Now Great Eagle also thought he was dead, so he laid him on a ledge of rocks near the nest. At once Tlecsa killed Great Eagle and pulled out his tail feathers. Then he tied an eaglet to each wrist and commanded them to fly down with him. When they reached the valley far below, Tlecsa pulled the large feathers out of the eaglets’ wings and tails, and gave them to his brothers. He said to the eaglets, “Hereafter you shall be ordinary eagles. You shall have no power to kill people, and Indians shall ornament their heads and weapons with your feathers;” and it was so.
FOOTNOTES
[1]The scenic pictures in this volume were selected to show the magnificence and beauty of the home of many of these myths.
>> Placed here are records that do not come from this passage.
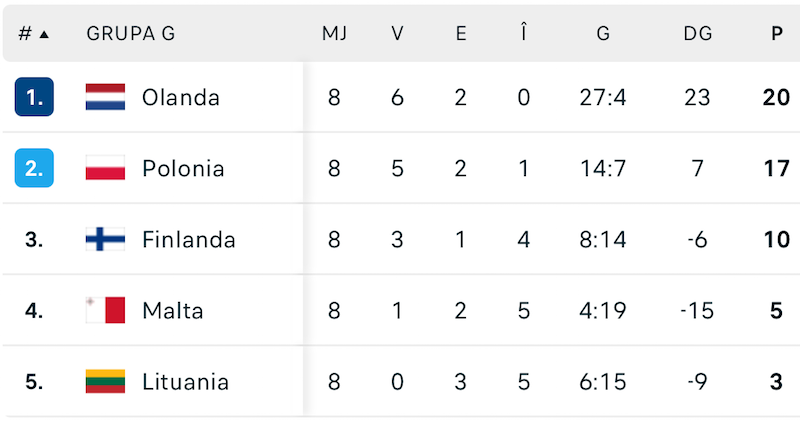 Polonia avea garantat locul 2, dar păstra o miză majoră: doar victoria în Malta ar fi urcat-o printre cei patru capi de serie la tragerea la sorți pentru play-off. Iar victoria a venit greu, cu mari emoții, în minutul 85. Acum, polonezii sunt cu ochii pe meciurile Scoția – Danemarca și Austria – Bosnia și le țin pumnii favoritelor: dacă danezii și austriecii nu pierd, atunci Polonia rămâne în prima urnă valorică și va juca primul meci din play-off pe teren propriu.
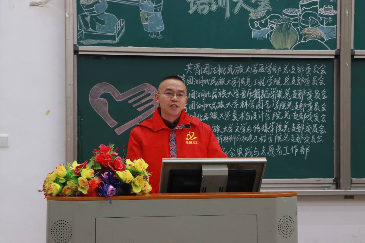 本网讯(记者 王语 见习记者 郑爽/文 廖子怡/图)11月28日晚,由Beat365医学部、文学与传媒学院、音乐与舞蹈学院等七院联合承办的主题为“烽火相处志愿者 暖意长存人心处”青年志愿者培训交流大会在修远楼5A207举行。恩施义工协会严书田老师、江新应邀培训授课,全校230名志愿者参加此次大会。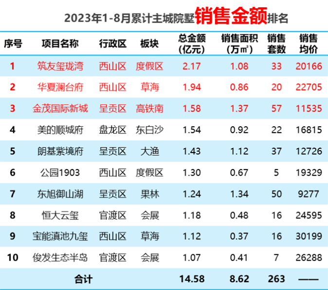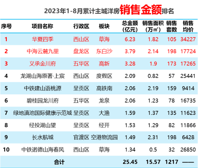 昆明房协发布了1-8月主城高层、洋房、院墅排名前十的项目销售金额,我们一起来看看过去的8个月里,哪些项目跑量成功。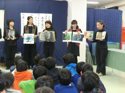 お話会は、手作り工作紙芝居「大工と鬼六」、パネルシアター「やさいのおもさ」、OHP劇「モチモチの木」の三本立てでした。子どもたちは紙芝居を真剣な目で見つめ、お話の世界に引き込めれていました。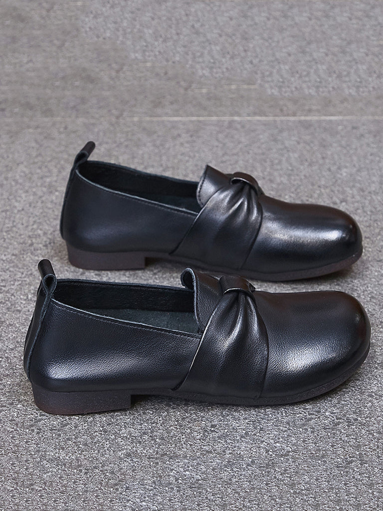 女士復古軟皮結飾低跟鞋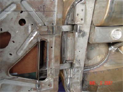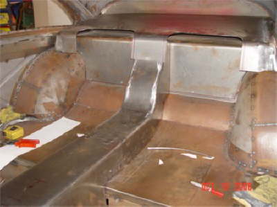 | Here are two shots of inner fenders being made to accommodate the AC compressor and the alternator. |

[2]These Indian houses were made with rough, loose boards on the sides and top, which were shifted to let the smoke out, and in summer to let the breeze in. The fire was always in the center of such one-room houses, and the usual smoke hole was immediately above it.
[3]The warm wind of the North Pacific Coast is called a chinook.
[4]Devilfish was the usual bait in halibut fishing.
[5]This myth is said to give an excellent idea of climatic conditions along part of the Northwest Coast—largely a struggle between the rainy southeast wind and the cold north wind.
[6]Told by all Cree Indians, but of course influenced by contact with the white race.
[7]Popularly called Whiskey Jack, though the word is Indian. It means “meat bird,” as this Canadian jay is fond of meat and therefore is a great torment around camps.
[8]The name appears under various spellings—Manibozho, Nanebojo, etc. Nenebuc appears among many tribes centering around the Great Lakes, though the myth is essentially Ojibwa. Other versions of it, received from the American Ojibwas, will be found in the author’s Myths and Legends of the Mississippi Valley and the Great Lakes.